▶ **Task statement**
All of the listing should be returned as written, apart from any picture in it.

▶ **The data**
* * *
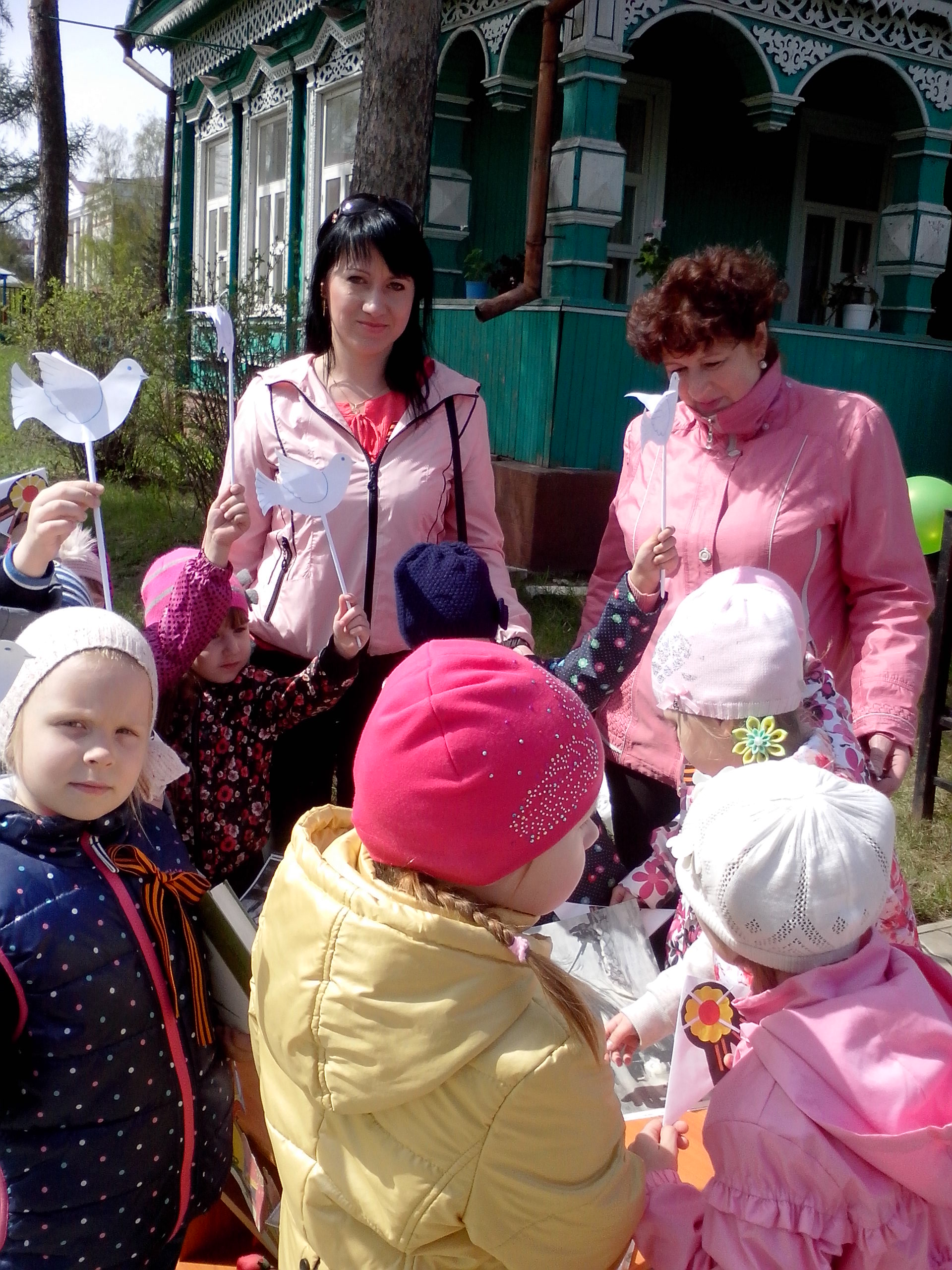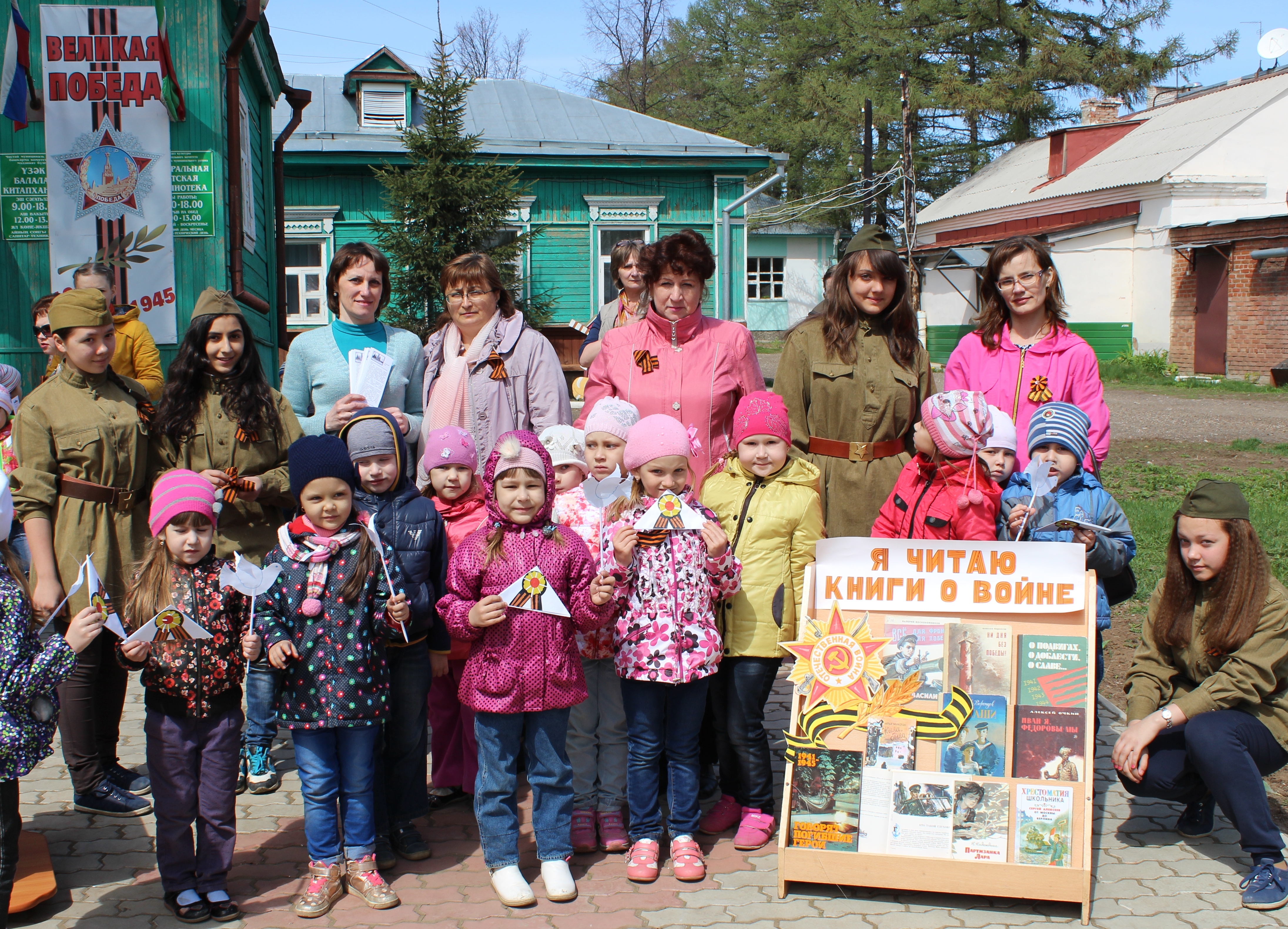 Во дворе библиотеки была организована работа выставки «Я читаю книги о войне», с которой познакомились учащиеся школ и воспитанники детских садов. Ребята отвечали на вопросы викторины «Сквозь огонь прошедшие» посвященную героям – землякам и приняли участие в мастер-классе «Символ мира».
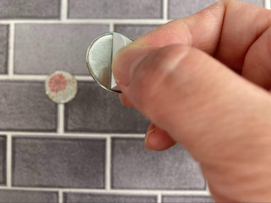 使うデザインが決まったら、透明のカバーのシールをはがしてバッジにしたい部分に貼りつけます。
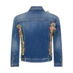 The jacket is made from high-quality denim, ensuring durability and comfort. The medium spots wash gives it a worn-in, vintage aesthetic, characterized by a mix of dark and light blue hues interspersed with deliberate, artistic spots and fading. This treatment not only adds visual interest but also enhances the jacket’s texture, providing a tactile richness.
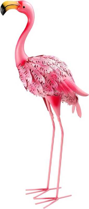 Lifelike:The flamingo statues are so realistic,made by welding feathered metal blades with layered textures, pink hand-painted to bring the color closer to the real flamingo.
* * *
▶ **Exercise output**
 Во дворе библиотеки была организована работа выставки «Я читаю книги о войне», с которой познакомились учащиеся школ и воспитанники детских садов. Ребята отвечали на вопросы викторины «Сквозь огонь прошедшие» посвященную героям – землякам и приняли участие в мастер-классе «Символ мира».
 使うデザインが決まったら、透明のカバーのシールをはがしてバッジにしたい部分に貼りつけます。
 The jacket is made from high-quality denim, ensuring durability and comfort. The medium spots wash gives it a worn-in, vintage aesthetic, characterized by a mix of dark and light blue hues interspersed with deliberate, artistic spots and fading. This treatment not only adds visual interest but also enhances the jacket’s texture, providing a tactile richness.
 Lifelike:The flamingo statues are so realistic,made by welding feathered metal blades with layered textures, pink hand-painted to bring the color closer to the real flamingo.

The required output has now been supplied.